Когда, пройдя шестьдесят футов, мы подошли к концу стены, Абдулла бросил быстрый взгляд через плечо и отвернулся, потянув меня за собой. Стена продолжалась под прямым углом к дороге. Очередной поворот привёл нас на третью сторону ограды, и через несколько шагов Абдулла остановился, жестикулируя.

Смысл пантомимы был понятен, и я могла только одобрить его решение. За нами поле сахарного тростника формировало зелёную изгородь, скрывавшую нас от случайных прохожих. Мы находились в задней части поместья, максимально далеко от главного дома. Глиняный кирпич, повсеместный строительный материал Верхнего Египта, удобен, но недолговечен; кирпичи и покрывавшая их штукатурка рухнули, оставив трещины и щели.

– Я пойду первым, – прошептал он.

– Нет, не пойдёшь, – ответила я. – Прежде, чем пытаться войти, следует всё разведать, а я моложе... то есть легче тебя. Подсади меня.

Я сбросила чёрную хламиду и вуаль. Никакое переодевание не спасёт, если нас обнаружат внутри.

Я вставила носок ботинка в удобную дыру, Абдулла – давно запомнивший, что спорить со мной бесполезно – подставил руки под другой сапог и поднял меня так, что я смогла заглянуть через стену.

Я ожидала увидеть сад с кустами и деревьями, которые могли бы обеспечить надёжное укрытие. Ничего даже отдалённо похожего: голое открытое пространство, заваленное обычным домашним мусором – обломками сломанных горшков, ржавыми кусками металла, гниющими дынными и апельсиновыми корками. Из таких отходов образуются кухонные мусорные кучи, столь милые сердцам археологов, и они до сих пор одна за другой появляются в Египте, поскольку домовладельцы обычно рассыпают мусор по дворам как попало. Всё, что я видела, оставляло неприятный осадок – явное свидетельство того, что нынешний обитатель дома был лишь скоропреходящим гостем, не заботившимся о санитарии или внешности. Единственная необычная особенность – отсутствие животных. Ни одной курицы, копошащейся в грязи, ни одного козла или осла, щиплющего чахлые сорняки.

Открытый сарай, покрытый связками тростника, когда-то служил приютом для скотины, о чём говорили разбросанная солома и другие свидетельства. Беспорядочный ряд пыльных тамарисков наполовину скрывал заднюю часть особняка. Виделось ещё одно строение: небольшое, без окон здание площадью около десяти футов. В отличие от всего остального, его явно не так давно ремонтировали. В стенах не было пробелов, каждую щель заполнили свежей штукатуркой, отличавшейся более бледным оттенком от старой серо-коричневой поверхности. Плоская крыша была сплошной, а не покрытой тростником вперемешку с раствором, как делалось везде.

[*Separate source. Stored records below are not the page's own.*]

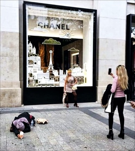 Az igazság ugyanis az, hogy pontosan azt látunk, amit akarunk. S azt akarjuk látni, amit láttatni akarnak velünk. A fenti kép elkészítéséhez ugyanis nincs szükség másra, mint egy négyfős társaságra, egy helyszínre, na meg egy fényképezőgépre. Egy nő a kirakathoz áll, egy másik nő fotózza őt, harmadik társuk az utca kövén fekszik szakadt ruhában, a negyedik pedig – miután beállította a kompozíciót – elkészíti a fényképet. Aztán ez a bizonyos fotó már mehet is fel valamelyik közösségi oldalra, hogy ott mindenki ellássa megfelelő számú könnyezős hangulatjellel.
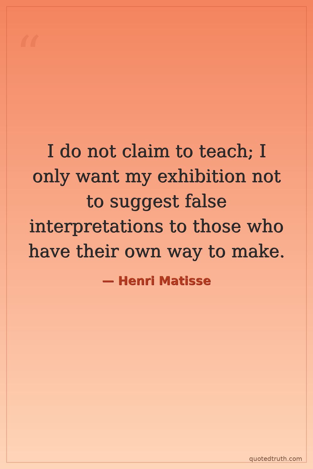 I do not claim to teach; I only want my exhibition not to suggest false interpretations to those who have their own way to make.
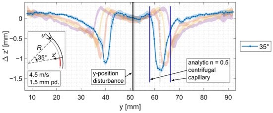 Only the circumferential position had an impact on the position of the wake minimum (Figure 7). This was consistent with the analytical results. The position of the dominant wake minimum was between the innermost capillary and outermost centrifugal line. The solution for n = 0.5 represents the position of the first maximum. Figure 8 shows the position of the analytical results β = 35° downstream of the nozzle in comparison to the measured profile. From the definition of the analytical solution, there are no further solutions defined for n < 0.5. Nevertheless, the experimentally measured position of the minimum was described by the centrifugal solution with n = 0.25 (vertical dashed line in Figure 8).
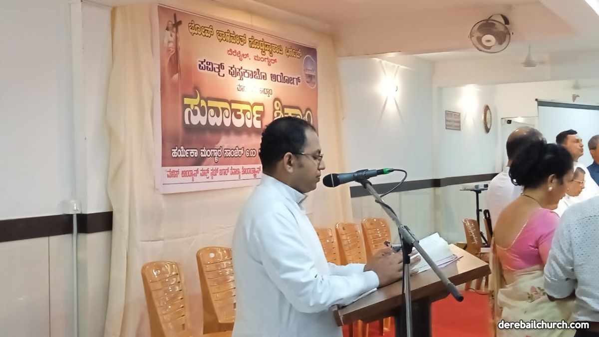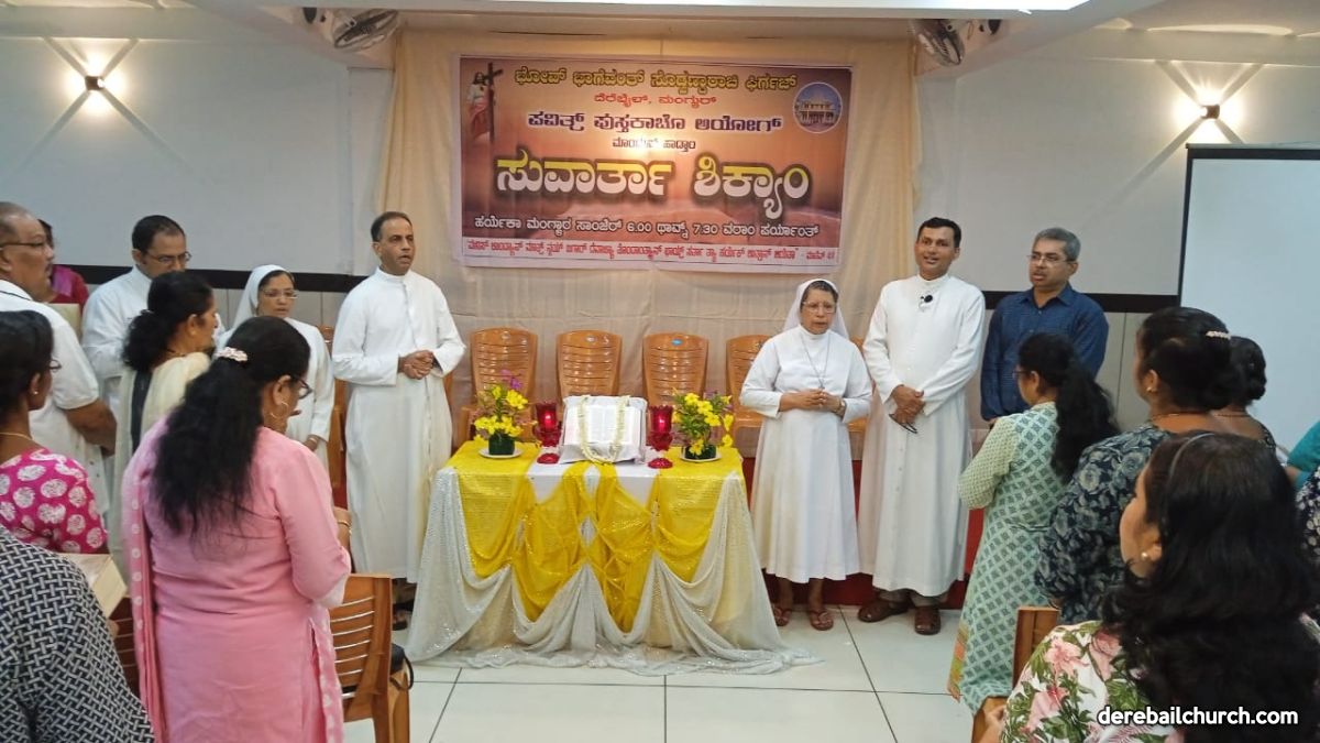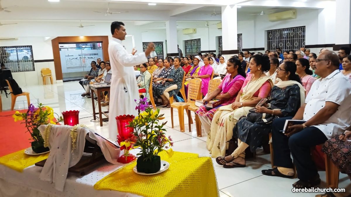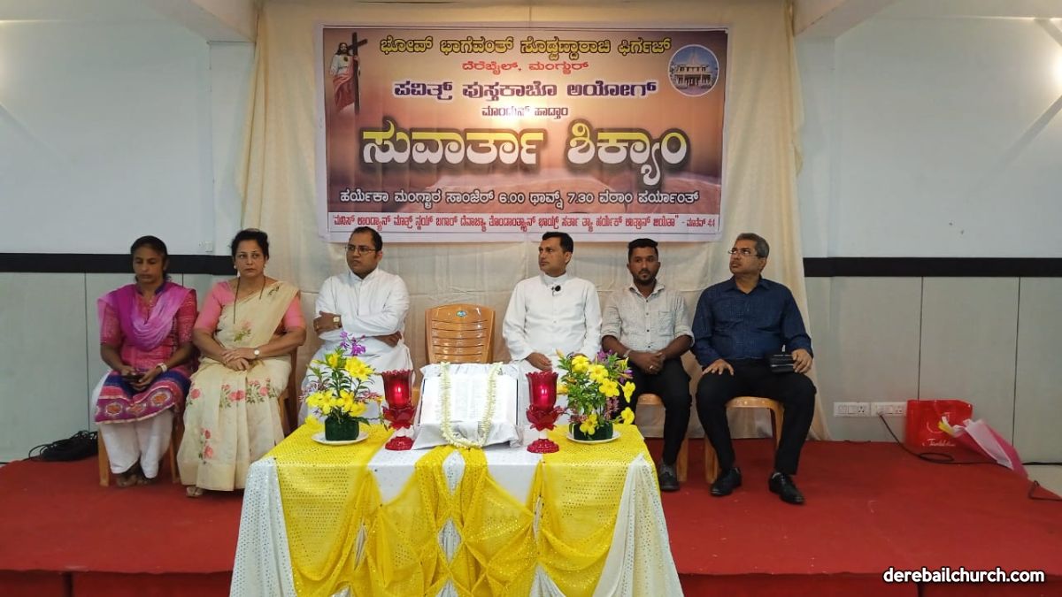 Derebail Parish solemnly inaugurated the Bible classes on Tuesday, 4th June at 6.15 in the evening at the Banquet Hall. The programme began with honoring of the Bible with a garland. Fr Kevin the assistant Parish Priest read a passage from the Bible and made a short prayer. Rev. Fr Joseph Martis, happily welcomed the gathering, very specially the resource person Rev. Dr Vincent Sequeira. In his inaugural address, the Parish Priest, underscored the need to study the Bible. Quoting Pope Francis he said: “The Word of God is a powerful antidote to every closure, abstraction, and ideologization of faith. Understood in the Spirit in which it was written, it increases passion for God and man, ignites charity, and revives apostolic zeal.” He continued saying, the Word of God is alive and active, (Hebrews 4:12); it does not die, nor does it age, but it remains for ever (1 Peter 1:25). It stays young in the presence of all that passes away (Matthew 25:35) and preserves those who put it into practice from inner ageing. Bible is inspired by God. It is not merely a historical document but a living word through which God speaks to humanity. Hence Bible has to be read through the lenses of faith. The Word of God heals, enlightens, encourages, brings joy and hope in our lives. Hence it is a God given opportunity for us parishioners to have Bible classes at our door steps. He concluded saying, we need to be enthused and be regular for the classes.

Значит, внутри находилось нечто ценное – иначе с чего бы владельцу собственности принимать подобные меры предосторожности? Надежда придала новые силы моим ослабевшим конечностям. Абдулла недовольно заворчал, когда я всем весом налегла ему на руки. Я уже собиралась перелезть через ограду, потому что ликование на мгновение преодолело благоразумие, но внезапная мысль отрезвила меня. Неужели такая ценность останется без охраны? Я видела только две стены – заднюю и одну из боковых. Окон не было, но в одной из стен, недоступных моему взору, должна находиться дверь.

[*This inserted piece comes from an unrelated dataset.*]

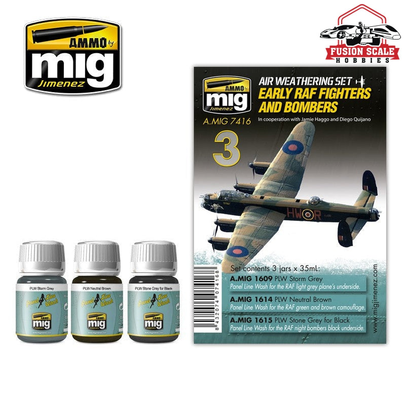 Set for washes and defining panel lines of RAF fighters and bombers during World War II. Includes 3 colors from Panel Line Wash line, allowing us to easily outline these aircraft:A.MIG-1609 PLW Storm Grey, perfect for grey bluish use in lower areas.A.MIG-1614 PLW Neutral Brown, to panel Brown and Green colors of upper areas.A.MIG-1615 PLW Stone Grey for Black, for green color.
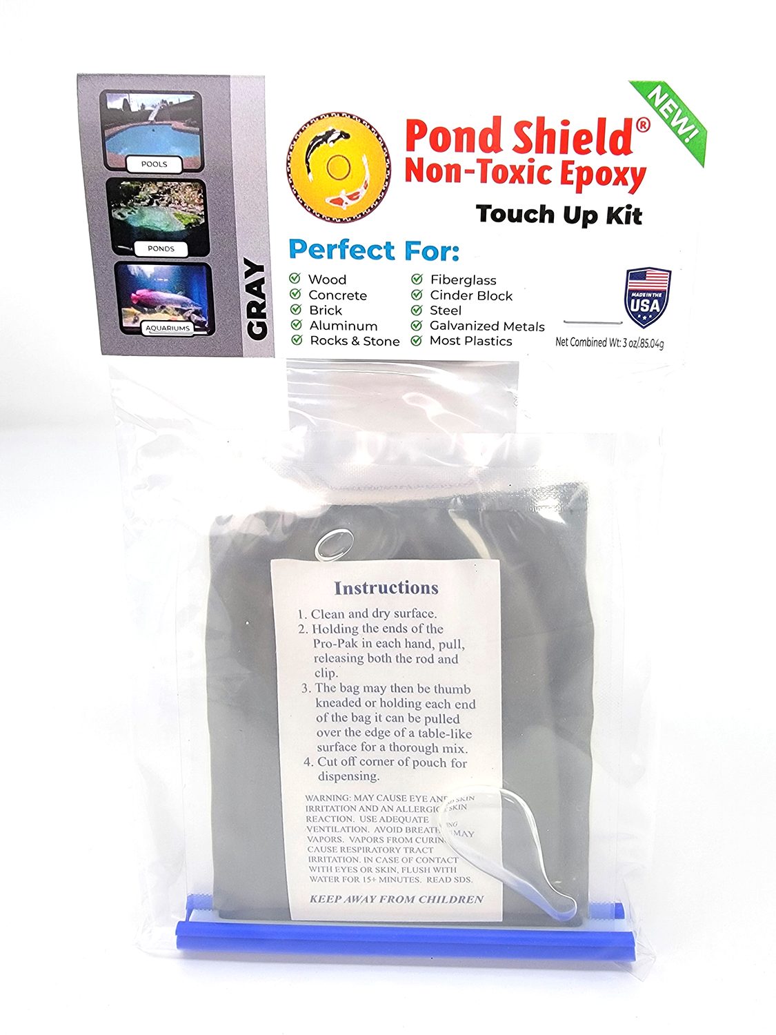 Pond Shield non-toxic epoxy coating touch up kit – GRAY. Safe for fish and plants. Easy application. Very low maintenance after installation. Made from space age polymers that are designed to provide long life and excellent wear resistance. Has an excellent bond strength to almost any surface, very impact resistant and is designed to flex when needed making this coating the best option for waterproofing your pond, fountain, or other type of water feature. Is very chemical resistant and can be used in chlorinated environments as well. The perfect waterproof coating for other than water feature projects as well.

Я жестом приказала Абдулле опустить меня. Он с видимым удовольствием последовал моему распоряжению. Он сильно вспотел – и не только от моего веса; ожидание подтачивало его жизненные силы точно так же, как и мои.

Я быстро описала картину.

– Очевидно, имеется охранник, – прошептала я. – Ты можешь скользить, как тень, Абдулла?

Старик поднёс руку к отвороту халата.

– Я займусь охранником, ситт.

– Нет, нет! Нет, если можно обойтись без этого. Он может закричать и всполошить других. Лучше всего подняться на крышу. Там есть какая-то дыра...

– Сначала пойду я, – сказал Абдулла, не отнимая руку от груди.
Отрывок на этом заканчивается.